# Got a nice Tom this AM



## Harry1959 (Mar 17, 2011)

22 lbs, beard right at 10 inches.
I am very fortunate to have finally got some prime private property to hunt in SE ohio. I absolutely tip my hat to anyone who regularly bags a bird on Ohio public land. I tried several years with no birds.


----------



## fireline (Jun 14, 2007)

Congratulations very nice bird.


----------



## Flathead76 (May 2, 2010)

Nice bird. What kind of red dot are you using?


----------



## Harry1959 (Mar 17, 2011)

Bushnell first strike. Second one I’ve owned. The first one quit holding zero after I shot some 3 1/2 inch shells.


----------



## Flathead76 (May 2, 2010)

Harry1959 said:


> Bushnell first strike. Second one I’ve owned. The first one quit holding zero after I shot some 3 1/2 inch shells.


I am due for a new red dot so I figured that I would ask.
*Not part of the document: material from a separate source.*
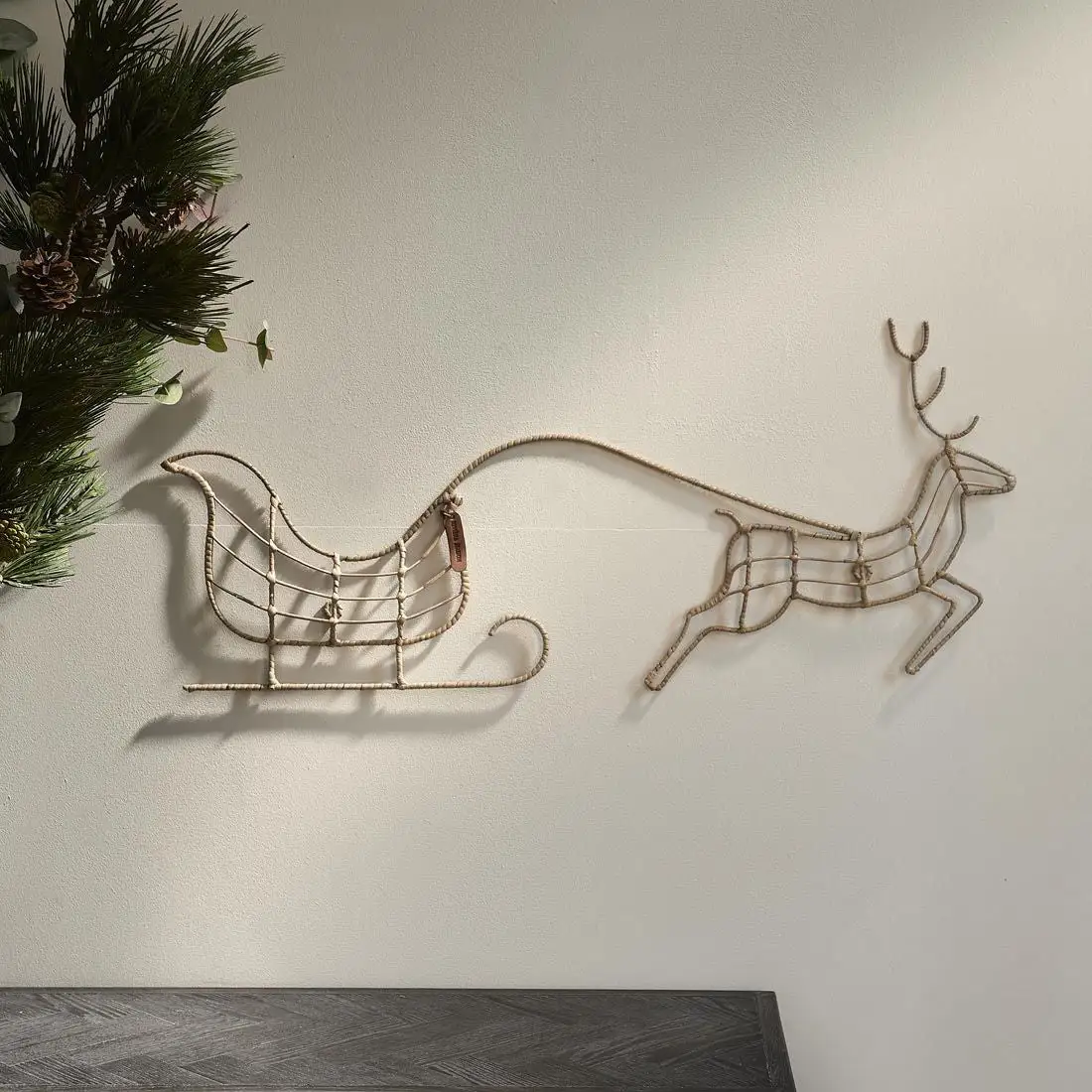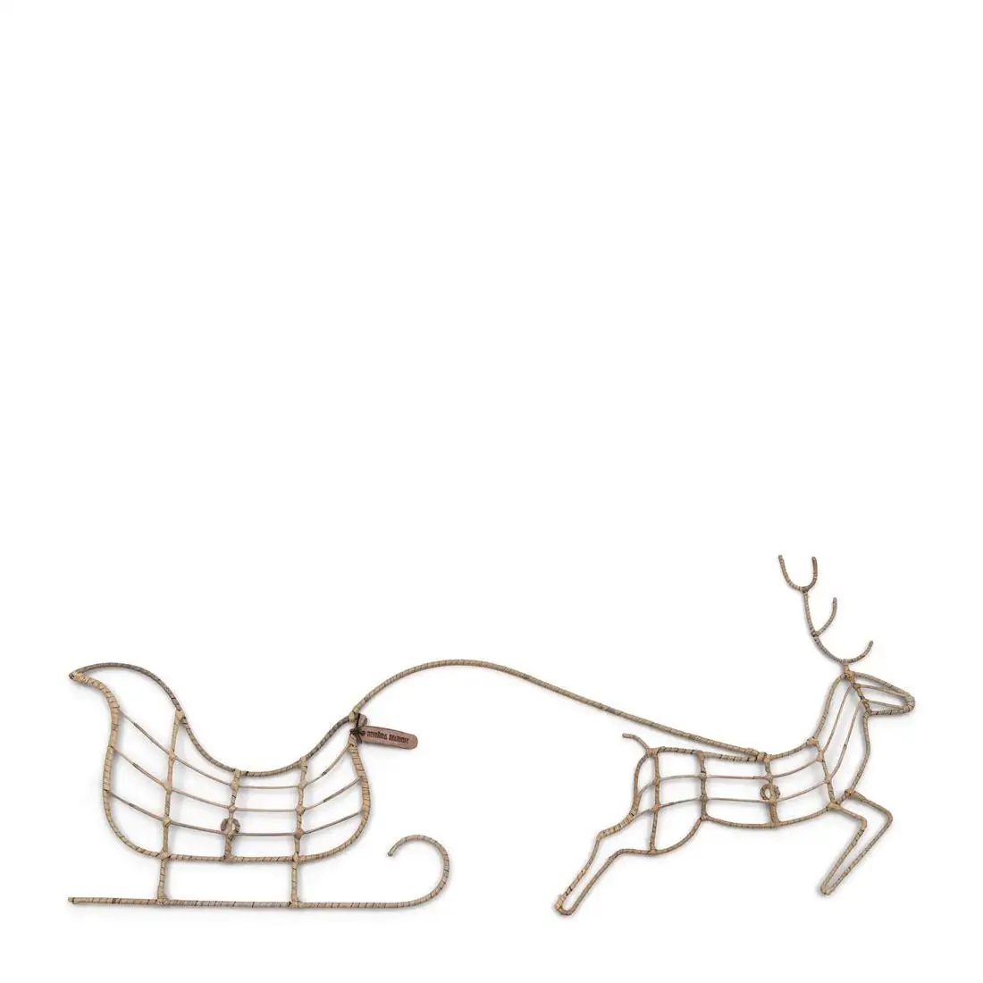 What adds an extra dimension to your Christmas decoration? Rudolph Santa’s reindeer with his sleigh. Handmade from rattan, with a beautiful wound iron frame, literally a picture on your wall. With leather RM branding label. The width is about 80 cm.

Eyes are not what they used to be.


----------



## fastwater (Apr 1, 2014)

Very nice bird Harry.
Congrats to ya!


----------



## musky 1 (May 11, 2015)

That is a nice bird it surprises me about the first strike though i just have a cheap bushnell trophy red dot on my 870 and its held up for three years so far and thats all i shoot is 31/2 s and its still holding true.My 63 year old eyes doesnt work very well with rifled sights anymore.


----------



## Harry1959 (Mar 17, 2011)

The trophy scopes are known to be very rugged, hold up to heavy recoil and come with lifetime warranty. I just prefer the small reflex type red dot for my turkey gun. Although not as durable. 
I called Bushnell when my 1st First Strike failed. The rep admitted some issues with earlier made First Strikes. Said they had improved and resolved it. For around $200 the Burris Fast Fire 3 gets great reviews. It costs a little more, but probably a better choice for heavy recoil.
Thanks for all the congrats on my bird


----------



## musky 1 (May 11, 2015)

i looked at the burris 200$ was more than i wanted to spend on it if i remember right gander mountain had the trophy on sale for 85$ its all i need again congrats on the bird


----------



## bobk (Apr 30, 2004)

Really nice tom. Congratulations.


----------